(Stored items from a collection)
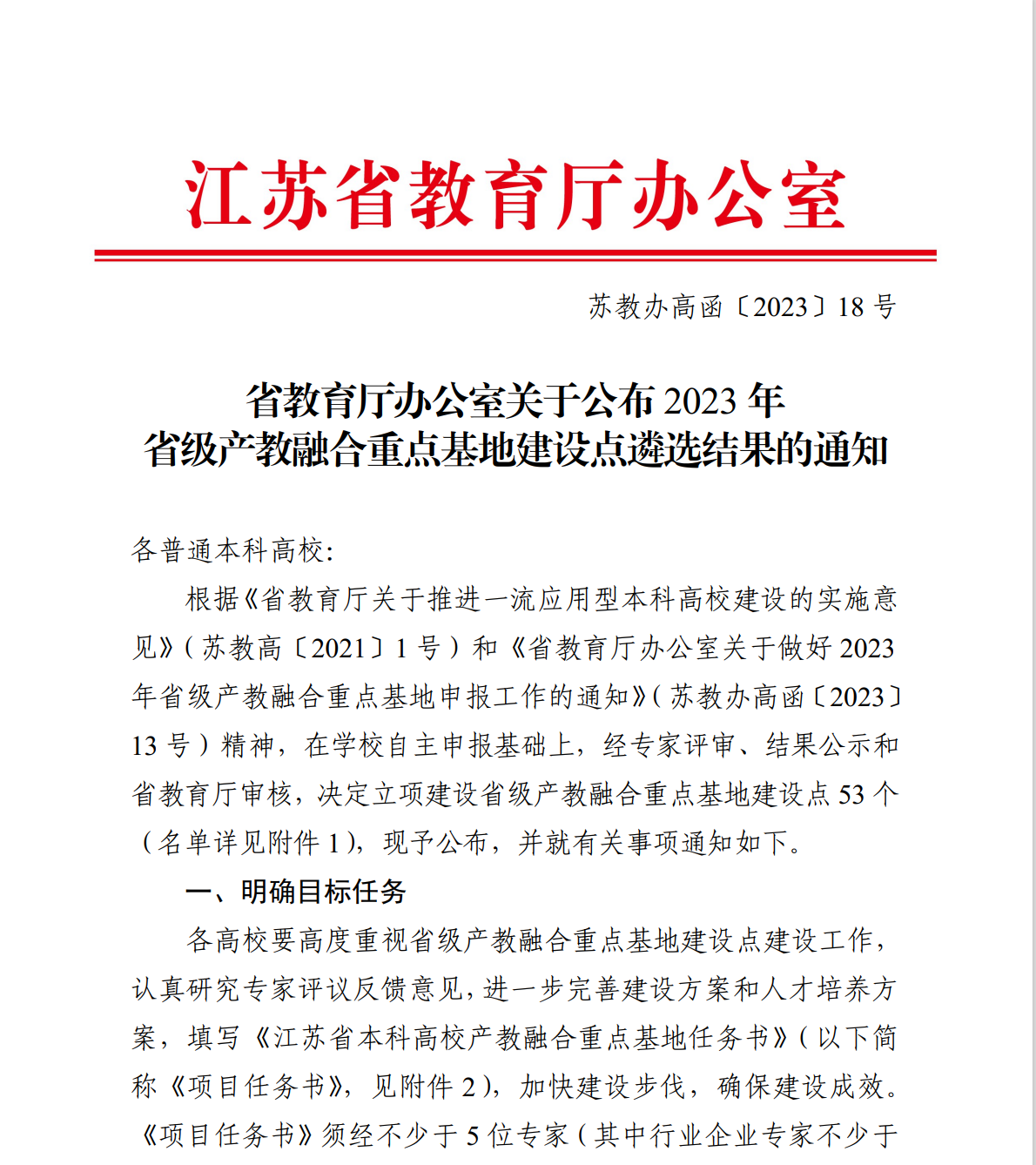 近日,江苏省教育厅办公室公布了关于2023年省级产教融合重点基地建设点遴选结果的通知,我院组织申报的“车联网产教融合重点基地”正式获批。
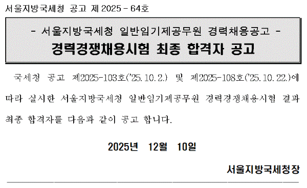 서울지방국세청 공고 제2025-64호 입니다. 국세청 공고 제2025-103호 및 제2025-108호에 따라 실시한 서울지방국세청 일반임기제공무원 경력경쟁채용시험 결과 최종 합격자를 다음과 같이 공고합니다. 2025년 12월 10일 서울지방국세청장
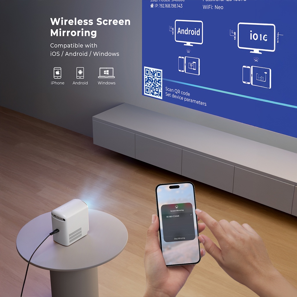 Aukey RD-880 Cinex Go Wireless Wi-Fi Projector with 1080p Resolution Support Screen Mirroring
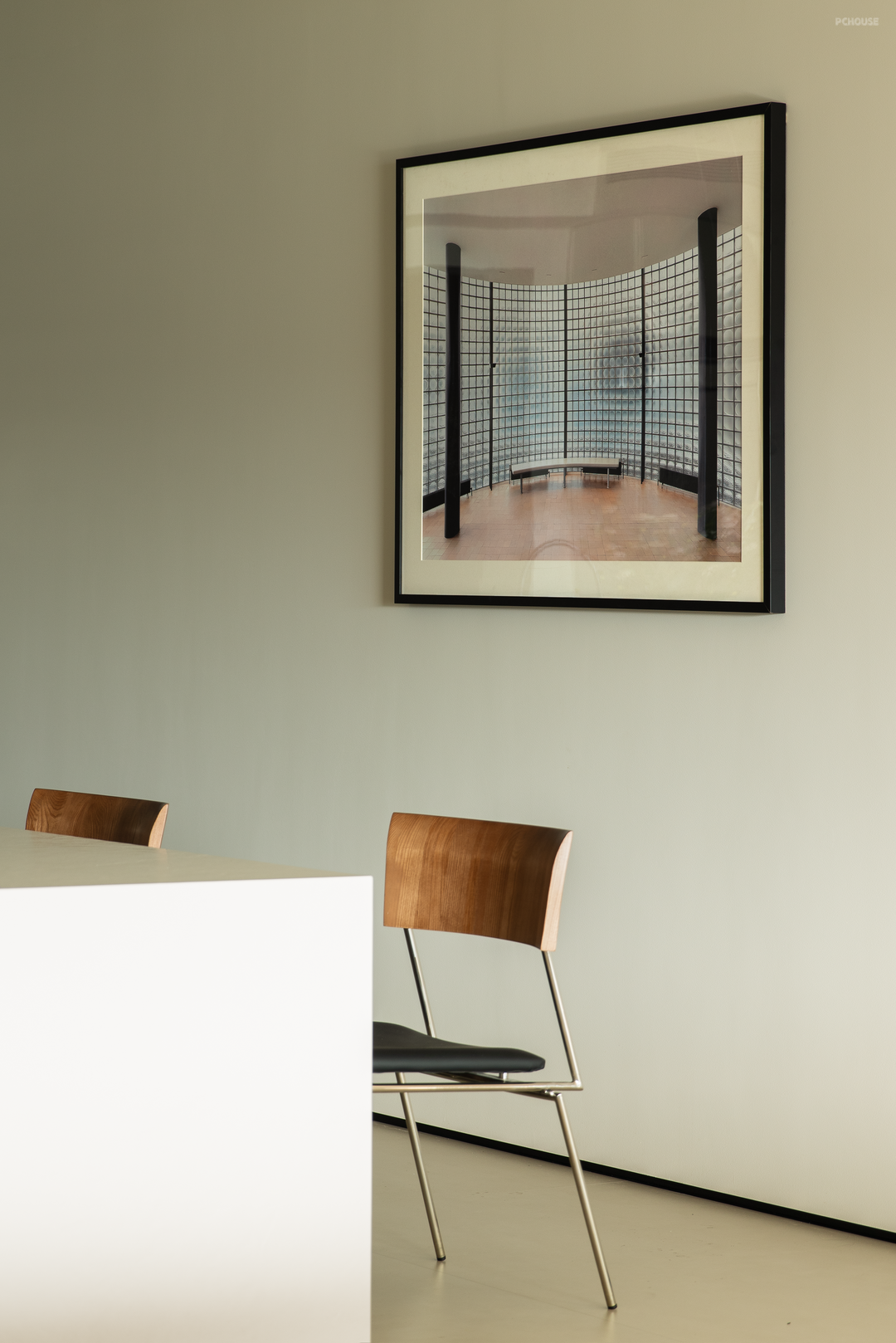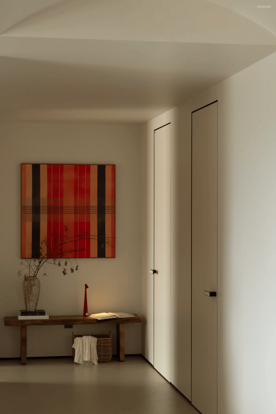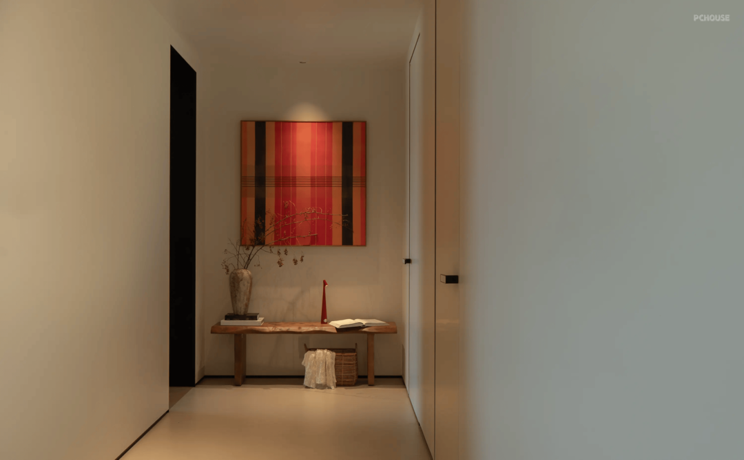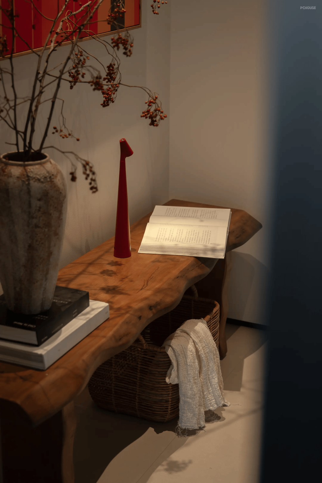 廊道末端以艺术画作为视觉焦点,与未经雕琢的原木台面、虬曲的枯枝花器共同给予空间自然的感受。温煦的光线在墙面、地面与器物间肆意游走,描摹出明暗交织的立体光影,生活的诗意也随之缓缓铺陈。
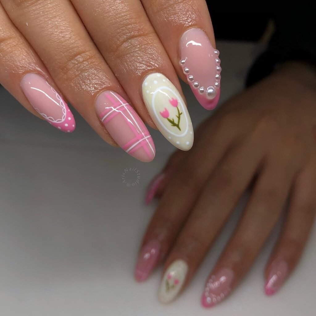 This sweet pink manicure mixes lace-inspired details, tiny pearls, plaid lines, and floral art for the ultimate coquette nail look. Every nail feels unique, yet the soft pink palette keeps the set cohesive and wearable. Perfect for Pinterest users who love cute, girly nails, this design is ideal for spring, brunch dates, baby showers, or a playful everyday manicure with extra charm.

**Task instructions**
Only the lines from the one with "Aukey RD-880 Cinex" through the final line of the data should be written out, exactly and including both ends. Skip the pictures.

**Result**
 Aukey RD-880 Cinex Go Wireless Wi-Fi Projector with 1080p Resolution Support Screen Mirroring
 廊道末端以艺术画作为视觉焦点,与未经雕琢的原木台面、虬曲的枯枝花器共同给予空间自然的感受。温煦的光线在墙面、地面与器物间肆意游走,描摹出明暗交织的立体光影,生活的诗意也随之缓缓铺陈。
 This sweet pink manicure mixes lace-inspired details, tiny pearls, plaid lines, and floral art for the ultimate coquette nail look. Every nail feels unique, yet the soft pink palette keeps the set cohesive and wearable. Perfect for Pinterest users who love cute, girly nails, this design is ideal for spring, brunch dates, baby showers, or a playful everyday manicure with extra charm.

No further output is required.